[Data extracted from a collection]
◆ ◆ ◆
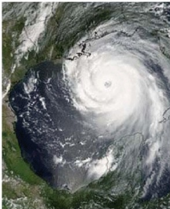
Huragan Katrina, który zmiotł Nowy Orlean.- 2005 r.

Do dziś nie mogą się pozbierać po Katrina, a minęło już 7 lat. 1836 osób poniosło śmierć. Poniesiony koszt: 81 mld $. 20 80 % miasta 21 zostało zalane!
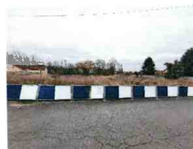
Terrain sur Ollainville devant subir des évolutions en phase 3
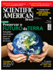
SCIENTIFIC AMERICAN BRASIL
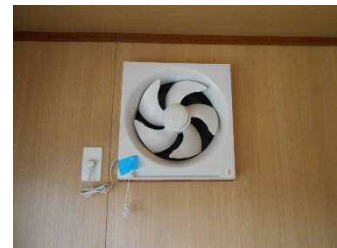
分煙用大型電動換気
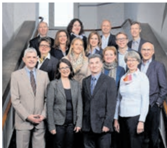
Die FDP Meilen freut sich auf das grosse Jubiläum.

sind. Sie sind Ergebnis vieler grosser und kleiner politischer Initiativen, des Engagements vieler im Milizsystem, begleitet sowohl von Rückschlägen als auch von Erfolgen, seit der Gründung unseres Bundesstaates 1848. 1918 gewannen andere Parteien die Nationalratswahlen im Umfeld eines kriegsgeschundenen Europa. Der Arbeiterkongress besprach die desolante wirtschaftliche Lage der Arbeiterschaft. Die Zahl der Notstandsberechtigten erreichte ein Rekordniveau von 692'000. Der Bundesrat erliess eine Verordnung gegen Preiswucher, und der Generalstreik schuf ein explosives soziales Spannungsfeld. Vor diesem Hinter-
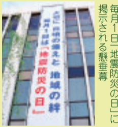
毎月1日「地震防災の日」に掲示される懸垂幕

なお、最優秀賞に選ばれた作品は、平塚ラスカに懸垂幕で掲示するなど防災啓発事業に活用します。
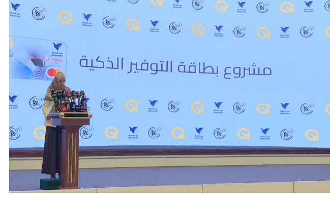
كلمة : مدير الشركة تلقي كلمة

بغداد - ابتهاج العربي اطلقت وزيرة الاتصالات هيام الياسري مشروع بطاقة التوفير الذكية، للحد من عمليات الإختلاس والتلاعب . وقالت خلال اطلاق مشروع بطاقة امس ان (البريد في العراق منسني، وبات من تكريات من الماضي)، مبينة ان (الوزارة تسعى الى تطوير وتعزيز هذا الملف واعادته الى الواقع الاجتماعي)، ووضحت الياسري، ان (الشركة العامة للبريد والتوفير، ويدعم من هيئة الراي في الوزارة، تتابع الإنجازات المتحققة في قطاع البريد والتوفير، منها اطلاق مشروع بطاقة التوفير الذكية، باسناد الشركات المحلية الداعمة)، مشيرة الى (اهميتها هذا المشروع في مجال مكافحة الفساد، والحد من حالات الإختلاس والتزوير والفساد في ملف التوفير، في اطار التعامل الورقي)، واكدت الياسري، ان (التعامل الإلكتروني لينة
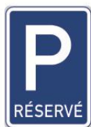
IP 12 Vyhrazené parkoviště
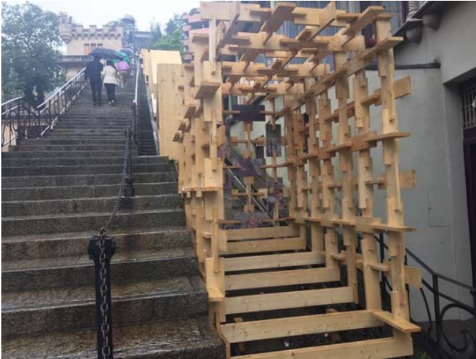
Via Crucis su rotaie, progetto realizzato dagli studenti dell'Accademia di architettura dell'USI
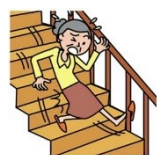
階段から落ちてケガ
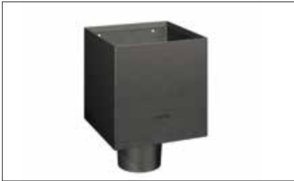
Boîte à eau carrée
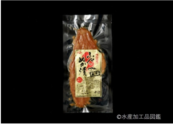
写真4 ふぐ肉糠漬け
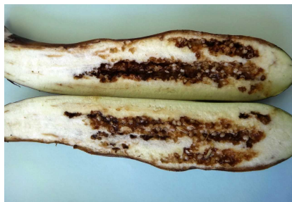
図5 ナス果実の内部腐敗
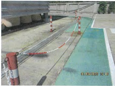
ภาพที่ 2.2-41 สิ่งก่อสร้าง (Barrier) ป้องกันการเกิดอุบัติเหตุจากยานพาหนะ
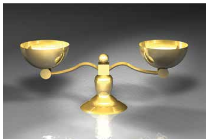
A békéltető testületek hatáskörébe a fogyasztók jogvitája tartozik

A februári Gazdasági Kalauzban részletesen tájékoztatjuk a lap olvasóit, milyen módon kell a panaszügyeket dokumentáltan benyújtani.
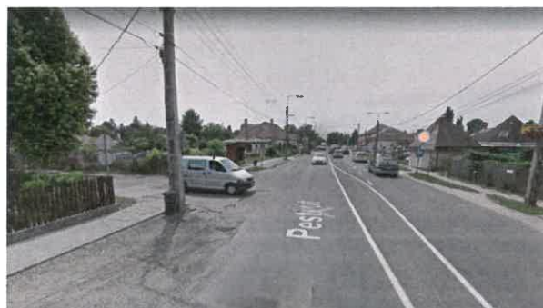
Kisfaludy utcai kereszteződés a Pesti út felől csak jobbra kisívben behajtás megengedett
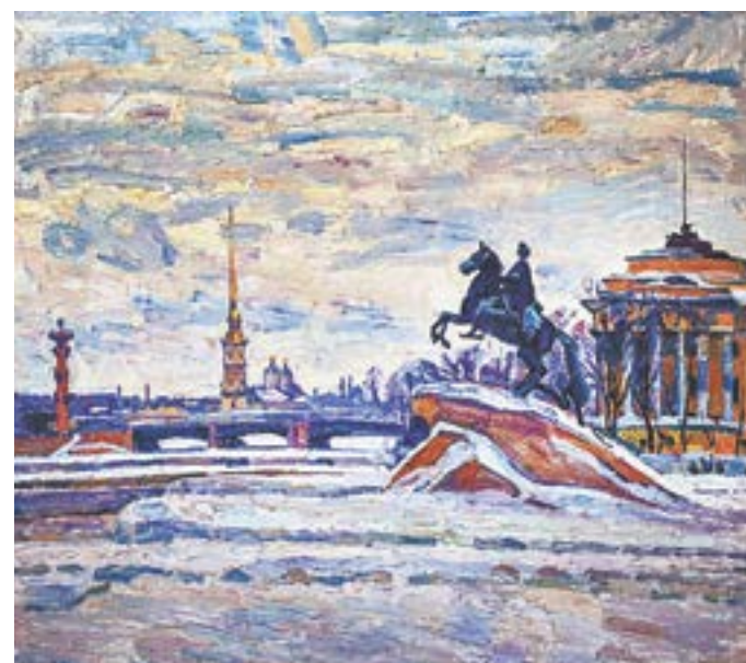
Альберт Папикян. «Ленинград. Памятник Петру I» (1982).
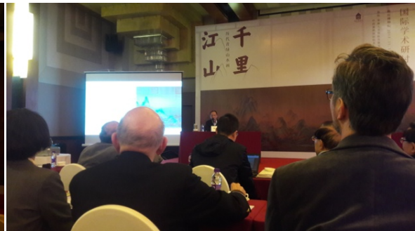
上左、右二圖：學者研究發表
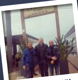
VADIM VASILYEV Vice-président de l'AS Monaco depuis août 2013
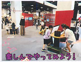
楽しんでやってみよう!
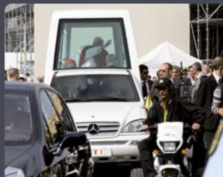
Tricycle Loustic pour travelling sur la Papamobile
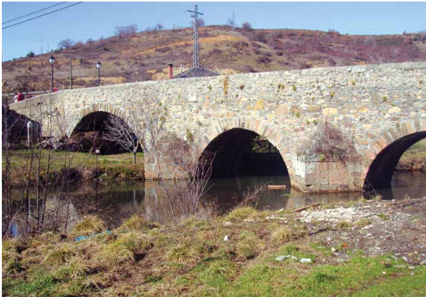
Fig. 13. Puente de San Román de Bembibre.

una carga constante para el erario concejil pues en corto espacio de tiempo las aguas ya se lo habían llevado tres veces 80 . Por cuya razón, se plantearon la posibilidad de volver ha hacerlo de madera, o bien de dos pilares de piedra y tablonos “como esta el de la villa de Bembibre”, y cuyo coste rondaría los 10.000 mrs. o 12.000 mrs. Finalmente optarían por un “puente de dos arcos de canto labrado y cal”, presupuestado en 110.000 mrs., cantidad que se podría repartir entre los “ocho o nueve mil vecinos de los logares que deven contribuir” 81 .
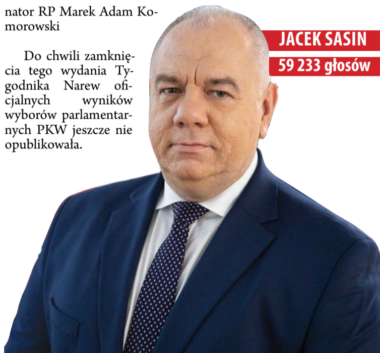
JACEK SASIN 59 233 głosów

Do chwili zamknięcia tego wydania Tygodnika Narew oficjalnych wyników wyborów parlamentarnych PKW jeszcze nie opublikowała.
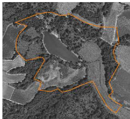
(ex. : parc remarquable)
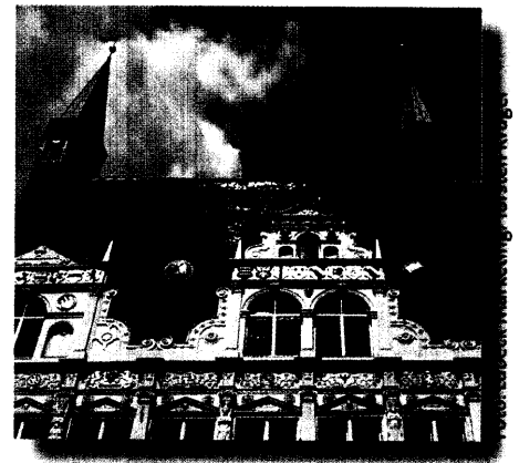
Renaissancelaube am Rathaus
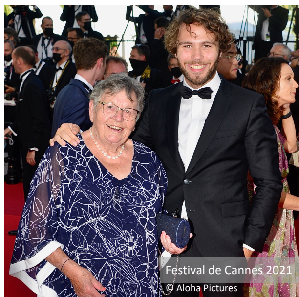
Festival de Cannes 2021

Les retours ont été très enthousiastes en festivals en 2021 (Nikon Film Festival, Short Film Corner à Cannes, Festival International du Film de Saint-Jean-de-Luz) et nous avons donc été encouragés à diffuser le film encore plus loin .
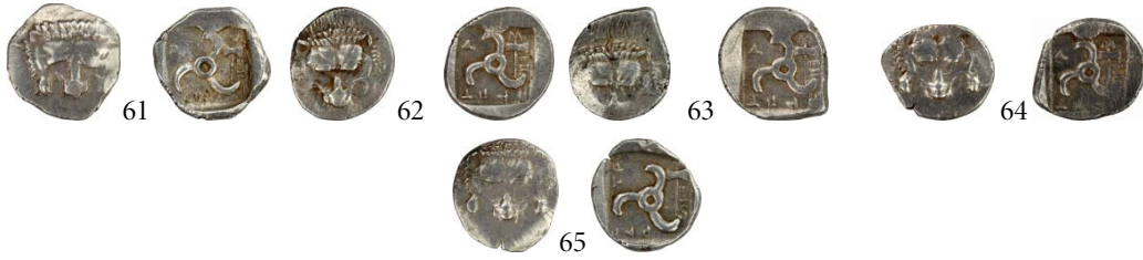
Fig. 13. Tip V (Balta)

Balta sembolü sağdaki boşlukta yukarıya doğru yerleştirilmiştir. Dynastın ismi V. 1a tipinde “M-EX/P-ƆPT/Ɔ” (= Mithrapata), V. 1b tipinde “M-EX/PƆP/Ɔ” (= Mithrapata) olarak yazılmıştır. V. 1a tipindeki 62, 63 ve 64 katalog numaralı sikkelerde arka yüz aynı kalıptır. V. 1a tipindeki 62 ve 63 ile V. 1a tipindeki 64 ve V. 1b tipindeki 65 katalog numaralı sikkelerde ise ön yüz aynı kalıptır.
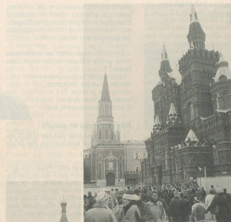
Des bâtiments superbes

Trois fois par semaine, nouveau vol Swissair Genève-Moscou: mercredi, vendredi et dimanche, départ 8 h 40, arrivée 14 h 30 (heures locales).
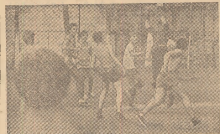
Multe întreceri în Parcul „Voinicelul” în aceste zile de vacanță. Dintre ele nu putea, desigur, să lipsească... fotbalul! Elevii școlilor din cartier semnează aici prezențe zilnice

judet se inițiază. În serii de cîte două săptămîni, în înnot, sub îndrumarea unor profesori și antrenori stabiliți de C.J.E.F.S. și Inspectoratul școlar judetean. De menționat că pentru pionierii care s-au evidențiat la învățură, în sport
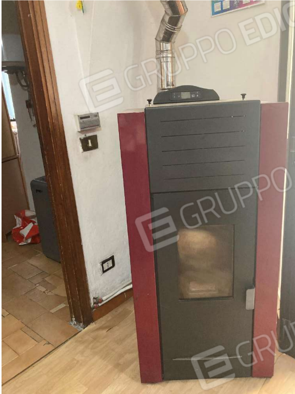
Figura 20: stufa a pellet in soggiorno
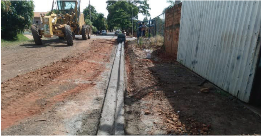
Construção de meio-fio.
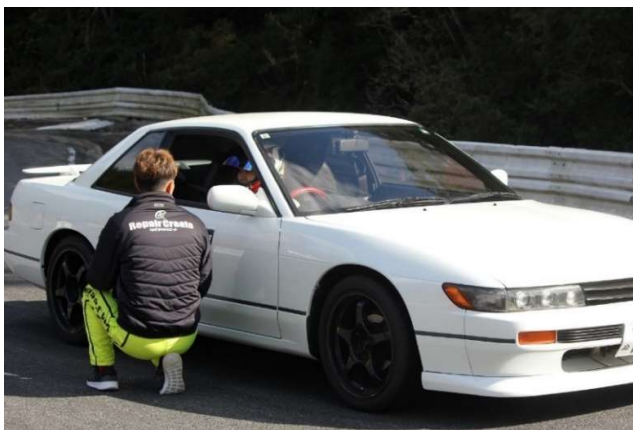
練習走行後は講師によるアドバイス
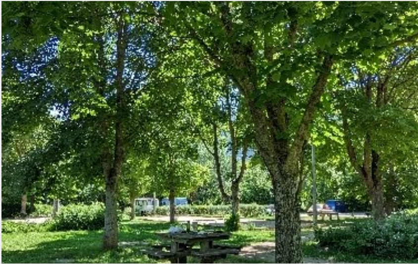
Crédit photo : Aire de pique-nique d'Aguessac (©P.Printz OT Millau)
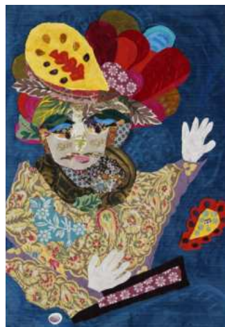
LE REFUS DE L'OISEAU
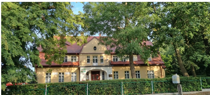
Zdjęcie nr 5 – Charakterystyczny zabytkowy budynek w miejscowości – siedziba firmy prywatnej

Najwcześniejsze wzmianki o Dobrzyniewie sięgają 1471 roku, i są zawarte w: „Słowniku geograficznym Królestwa Polskiego”, można tam przeczytać: „Dobrzyniewo – niemiecka nazwa Dobbertin, nazwa własna, powiat wyrzyski, w 1471 roku miejscowość rozłączona najprawdopodobniej od Falmierowa, zawierająca 14 domów murowanych, 192 mieszkańców, 41 mężczyzn i 151 kobiet i dzieci, 93 osoby nie umiejące czytać i pisać, stacja pocztowa o 4 kilometry, stacja kolejowa żelazna oddalona od Osieka nad Notecią o 9 kilometrów, do 1939 roku było własnością rodziny niemieckiej E.Kujathy.”
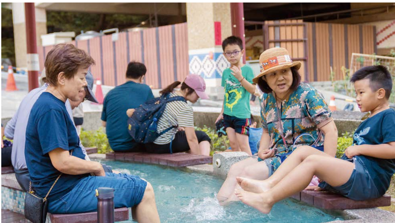
谷關溫泉公園環境清幽宜人，還有免費的足湯，是不少遊客喜愛造訪的景點。

想要感受谷關的老字號溫泉，可以選擇谷關第一家民營的溫泉旅館「谷關溫泉飯店」，恬靜優雅的氛圍，深受許多年長遊客的愛戴。喜歡熱帶南洋風格的遊客，可以選擇「惠來谷關溫泉飯店」，白牆木瓦搭配熱帶林木，呈現出浪漫放鬆的氣氛。若想體驗日式溫泉，可以考慮由日本星野集團經營的「虹夕諾雅谷關溫泉渡假村」，除了客房內皆有半露天溫泉池，還可在飄著淡淡檜木香的浴場，體驗男女分開的露天裸湯，泡湯之餘結合美食與四季美景，為每一位遠道而來的遊客，帶來一場由溫泉與美食所編織的美好回憶。🌊
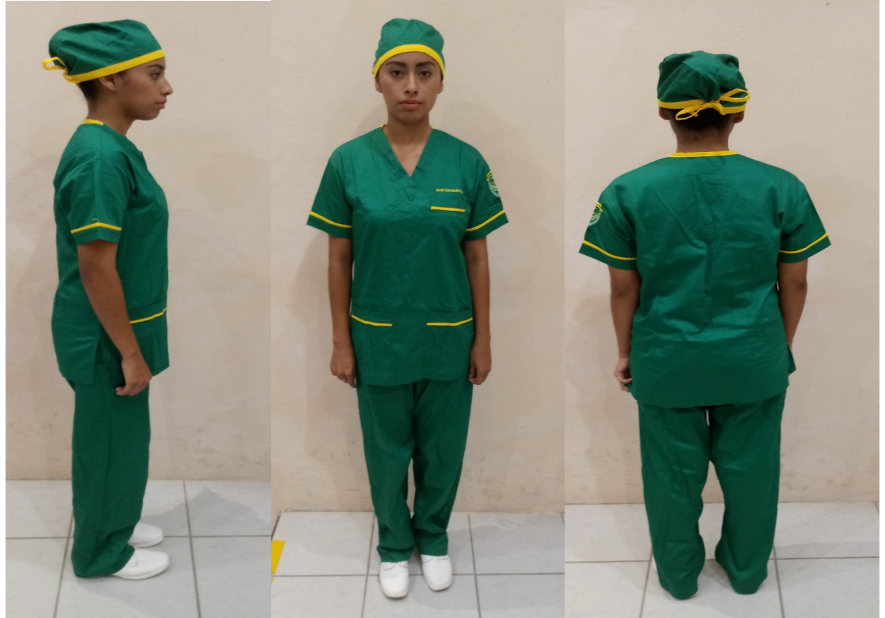
UNIFORME DE SEGUNDO SEMESTRE
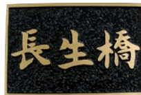
長久保 育男 (小野中1年)
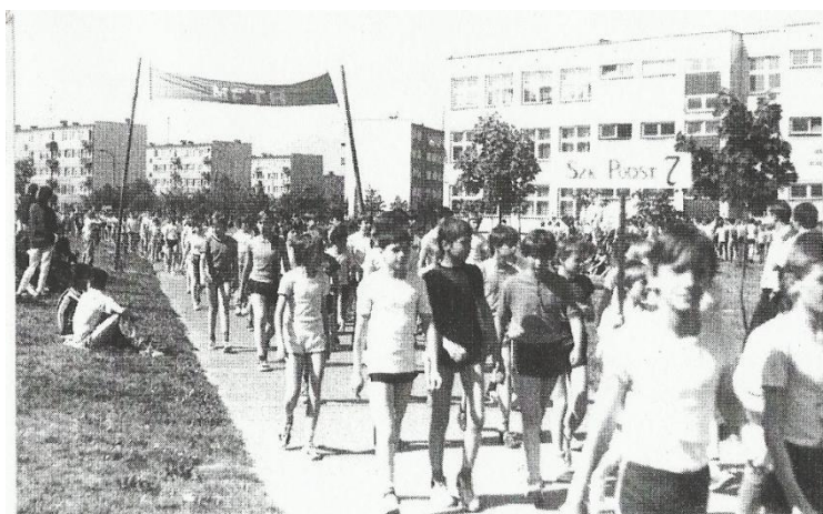
V Bieg „O Srebrne Czółenka Włókniarskie”
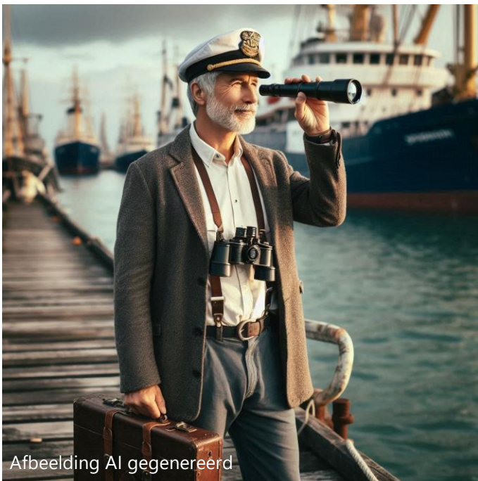
Afbeelding AI gegenereerd

De vraag is zijn er watersportverenigingen aangesloten bij het VNM of niet die een ZZP 'er als havenmeester in hebben. Zo ja, hoe kijken die ZZP 'er en die vereniging aan tegen de maatregelen van de overheid om schijnzelfstandigheid tegen te gaan. Graag uw reacties hierop sturen naar de secretaris@vnmotorbootsport.nl .
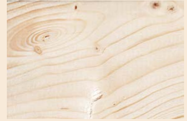
WTDIP Valkoinen liuos
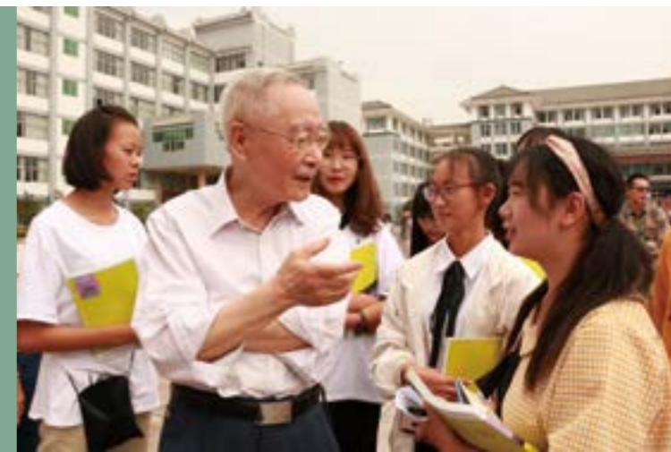
中国工程院徐志磊院士与我院学生亲切交流

在这里，有一群锐意进取、改革创新、学识渊博、技艺高超、爱岗敬业、乐于奉献的教师，他们致力于创办“更好的教育”。在我们的希冀中，“更好的教育”是一种高尚、优雅的教育，绽放着知识殿堂的光芒；“更好的教育”是一种关怀、幸福的教育，充盈着温暖成长的师爱。
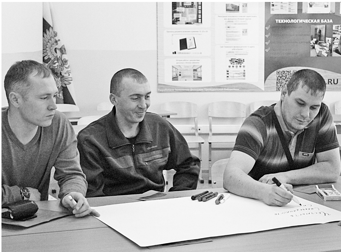
Работа в группах. Отцы составляют послание-пожелание своим детям.
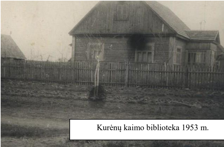
Kurėnų kaimo biblioteka 1953 m.
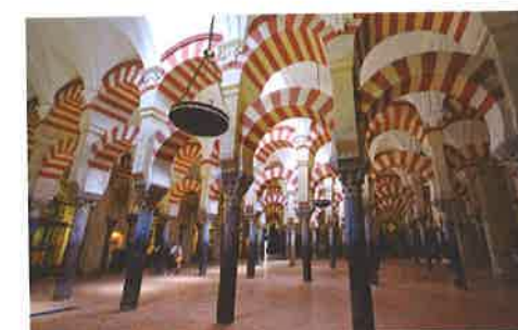
La Gran Mezquita de Córdoba
◆ ◆ ◆
■ TASK REQUIREMENTS
Exact copy, no pictures. Write out the lines in the entries above, starting with the line with "Kisfaludy utcai kereszteződés" and going on through the line with "JACEK SASIN 59 233 głosów", keeping both.

■ EXERCISE ANSWER
Kisfaludy utcai kereszteződés a Pesti út felől csak jobbra kisívben behajtás megengedett
Альберт Папикян. «Ленинград. Памятник Петру I» (1982).
上左、右二圖：學者研究發表
VADIM VASILYEV Vice-président de l'AS Monaco depuis août 2013
楽しんでやってみよう!
Tricycle Loustic pour travelling sur la Papamobile
Fig. 13. Puente de San Román de Bembibre.

una carga constante para el erario concejil pues en corto espacio de tiempo las aguas ya se lo habían llevado tres veces 80 . Por cuya razón, se plantearon la posibilidad de volver ha hacerlo de madera, o bien de dos pilares de piedra y tablonos “como esta el de la villa de Bembibre”, y cuyo coste rondaría los 10.000 mrs. o 12.000 mrs. Finalmente optarían por un “puente de dos arcos de canto labrado y cal”, presupuestado en 110.000 mrs., cantidad que se podría repartir entre los “ocho o nueve mil vecinos de los logares que deven contribuir” 81 .
JACEK SASIN 59 233 głosów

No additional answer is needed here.